La rivolta dei Cristeros, chiamata anche guerra Cristera o Cristiada, proseguì fino al 1929. Il nome Cristeros, contrazione di Cristos Reyes, fu dato spregiativamente dai governativi ai ribelli, a motivo del loro grido di battaglia: «¡Viva Cristo Rey!» (Viva Cristo Re!).
Giovanni Paolo II ha canonizzato 25 martiri messicani il 21 maggio 2000, mentre altre 14 vittime della medesima persecuzione sono state beatificate tra il 1988 ed il 2005 nel corso di tre cerimonie. Infine per altri 7 Servi di Dio è ancora in corso il processo per il riconoscimento del loro martirio.

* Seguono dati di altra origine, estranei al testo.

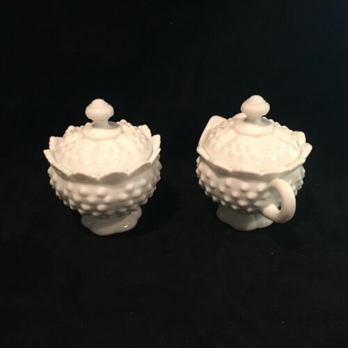 Fenton USA White Hobnail Milk Glass Scalloped Sugar Bowl & Creamer
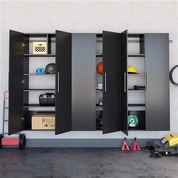 The HangUps storage cabinet collection offers versatility for your ever-changing storage needs in the garage, laundry room, office or workshop. The cabinets mount securely to the wall with a heavy-duty metal rail and hook system. The wall mounted feature ensures easy cleaning beneath the cabinets and protects your stored items from water and dirt. The HangUps collection is constructed using laminated composite wood and features metal handles and adjustable hinges.
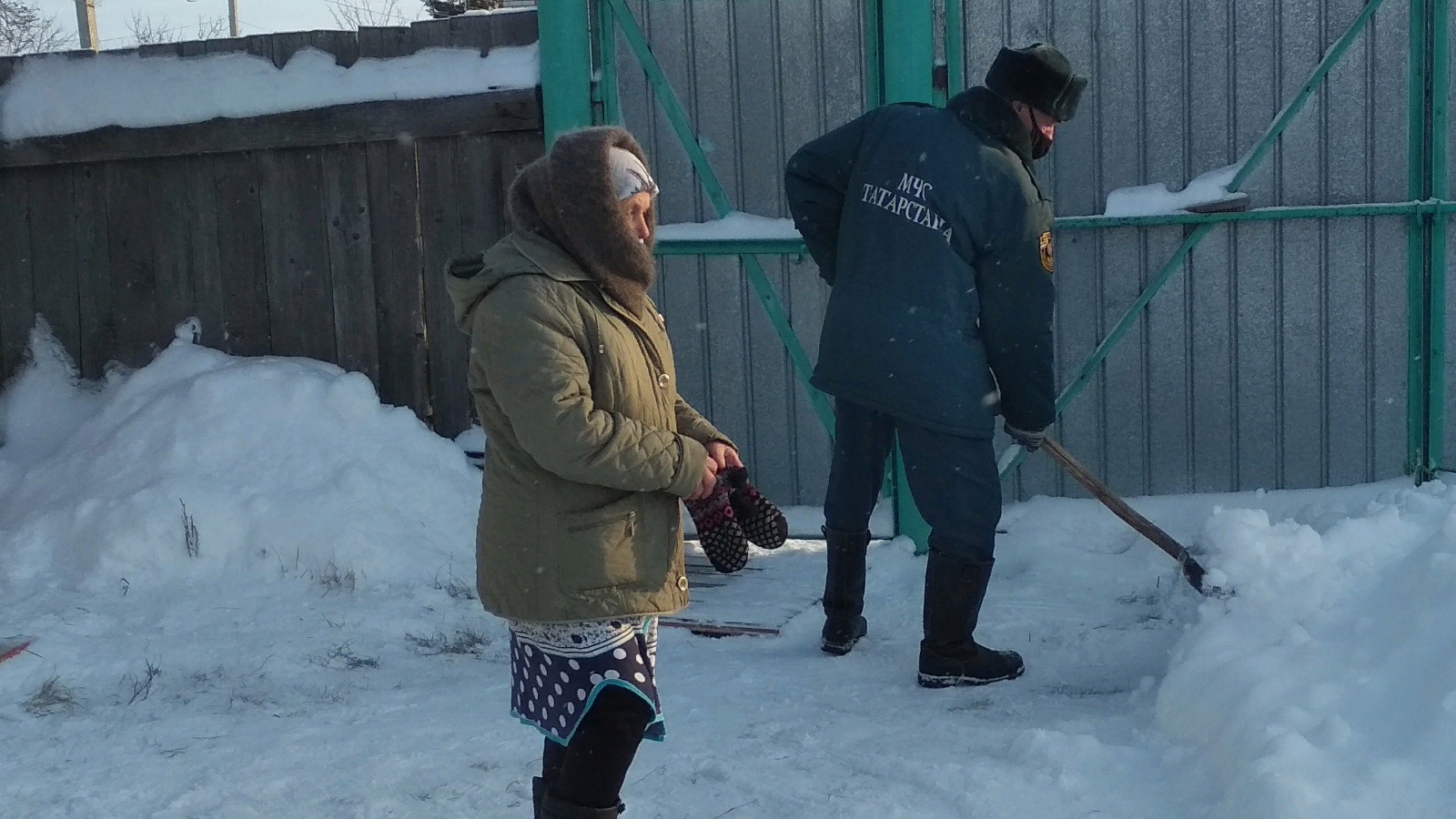 В рамках оказания посильной помощи одиноким престарелым людям и инвалидам работниками отдельного поста по охране с. Большие Нырси Сабинского отряда противопожарной службы Республики Татарстан проведена очистка снега на территории домохозяйства одинокой престарелой жительницы-инвалида 2 категории с. Большие Нырси Тюлячинского муниципального района Республики Татарстан.
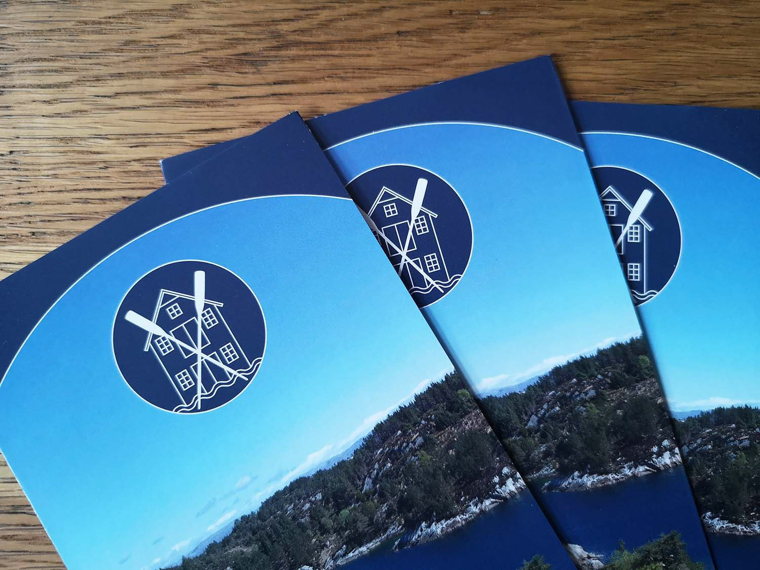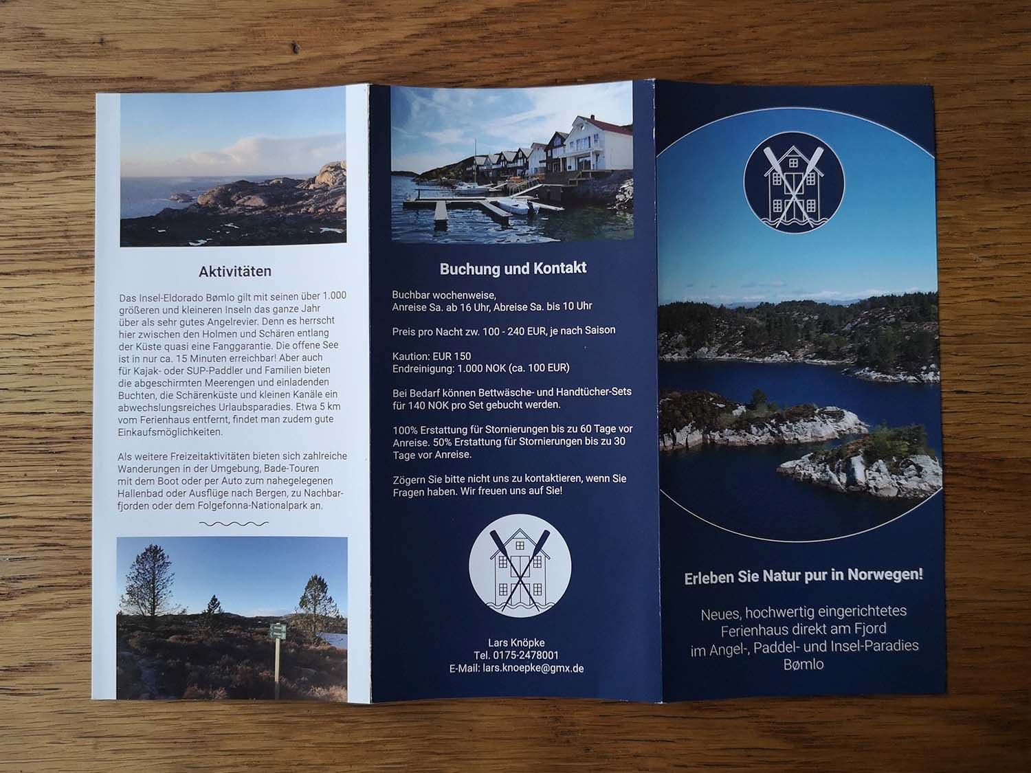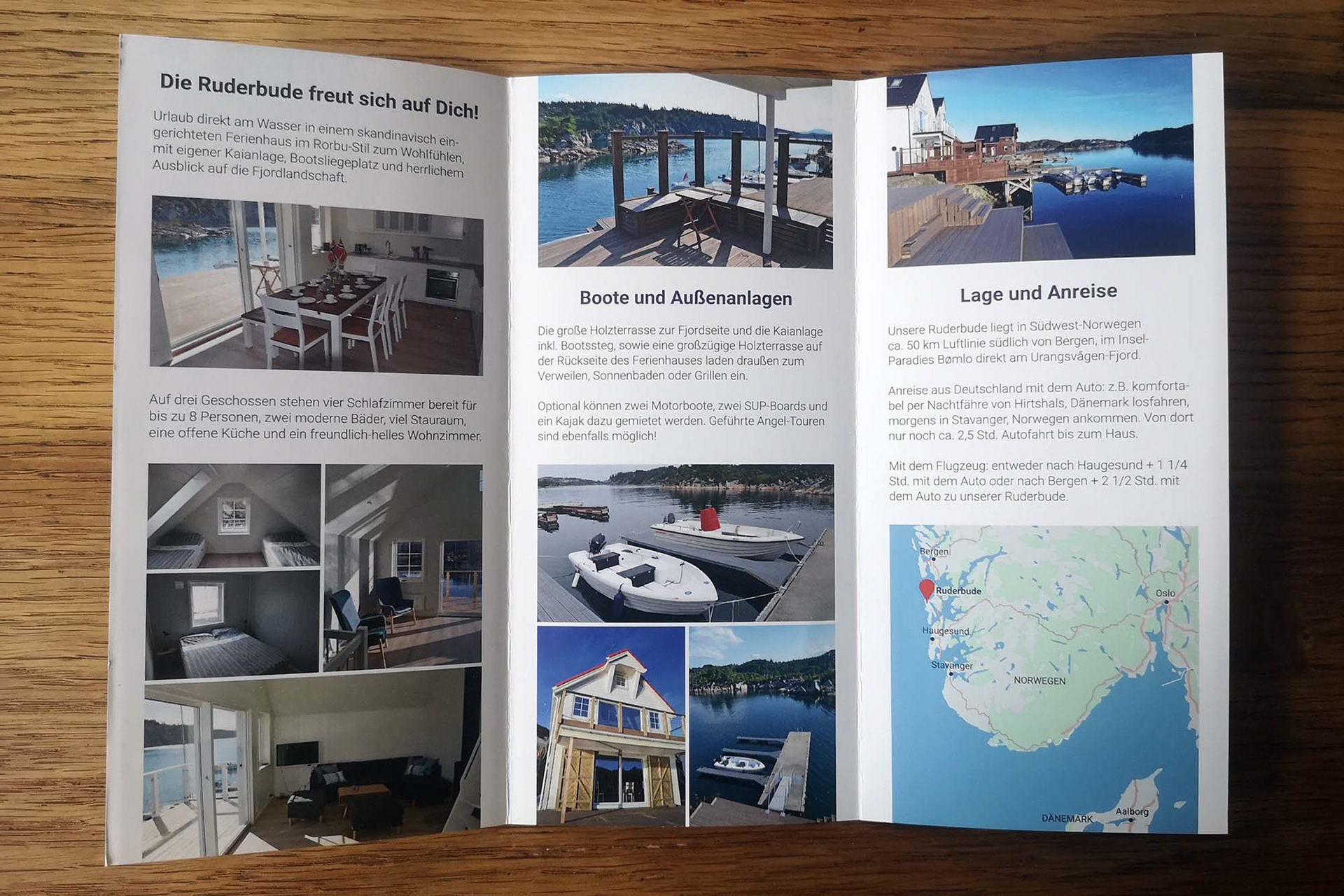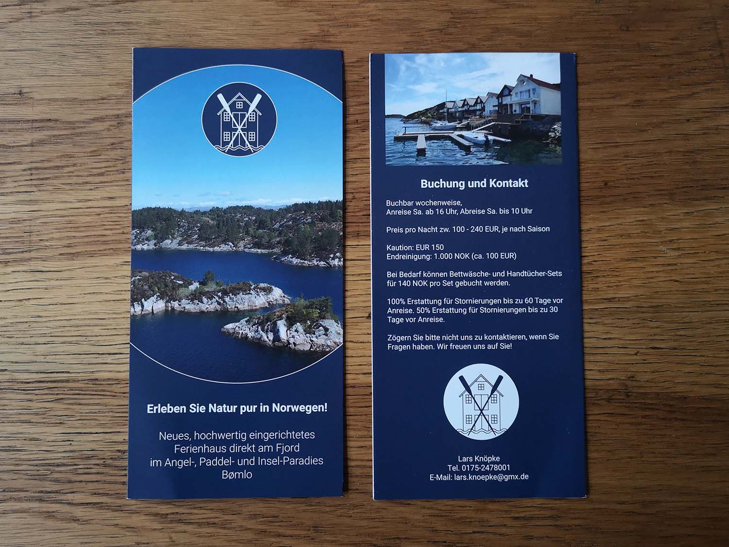 Design of the logo and flyers (2nd edition above, 1st edition below) for a holiday home for rent on a fjord in Norway. www.ruderbude.de

Questi martiri sono stati uomini e donne che testimoniarono con coraggio la loro fede contro un Governo che nella propria Costituzione affermava che «L’esistenza di qualsiasi ordine e congregazione religiosa resta proibito» (art. 5); inoltre: «ogni culto è proibito fuori delle chiese, e nelle chiese il culto sarà sempre sottomesso all’ispezione dell’autorità civile» (art. 24); «le chiese sono proprietà dello Stato. Tutte le associazioni religiose sono incapaci di acquistare, possedere o amministrare beni immobili».
L’epopea della Cristiada annovera come suoi protomartiri Joaquim Silva e Manuel Melgarejo, il primo di 27 anni, il secondo di soli 17, entrambi militanti della Gioventù cattolica. Dopo il provvedimento della sospensione del culto pubblico voluto dai vescovi messicani per protestare contro le misure del governo, Silva aveva cominciato, insieme all’amico, a percorrere il Paese e a tenere conferenze nelle quali, grazie ad una solida cultura, una fede appassionata e una concezione della vita come milizia, sapeva accendere gli animi dell’uditorio e spronarlo alla lotta. Domenica 12 settembre 1925, mentre si dirigevano in treno a Zamora per tenervi uno di questi incontri, vennero arrestati e condannati a morte senza essere neppure processati. Silva chiese che l’amico minorenne fosse risparmiato, ma non fu ascoltato. Vennero così condotti di fronte ad un plotone d’esecuzione, fu loro strappato di mano il Rosario. Joaquim Silva tenne un discorso intenso e profondo, sia sui valori religiosi che patriottici che persino i soldati schierati per ucciderlo ne rimasero commossi e uno di loro si rifiutò di prender parte all’esecuzione, subendo quindi l’arresto e l’esecuzione capitale il giorno dopo. Con coraggio Joaquim dichiarò al comandante: «Non siamo dei criminali, né abbiamo paura della morte. lo stesso vi darò il segnale di sparare, quando griderò viva Cristo Re, viva la Vergine di Guadalupe». Infatti al suo grido, unito a quello di Manuel, i colpi mortali partirono dai fucili.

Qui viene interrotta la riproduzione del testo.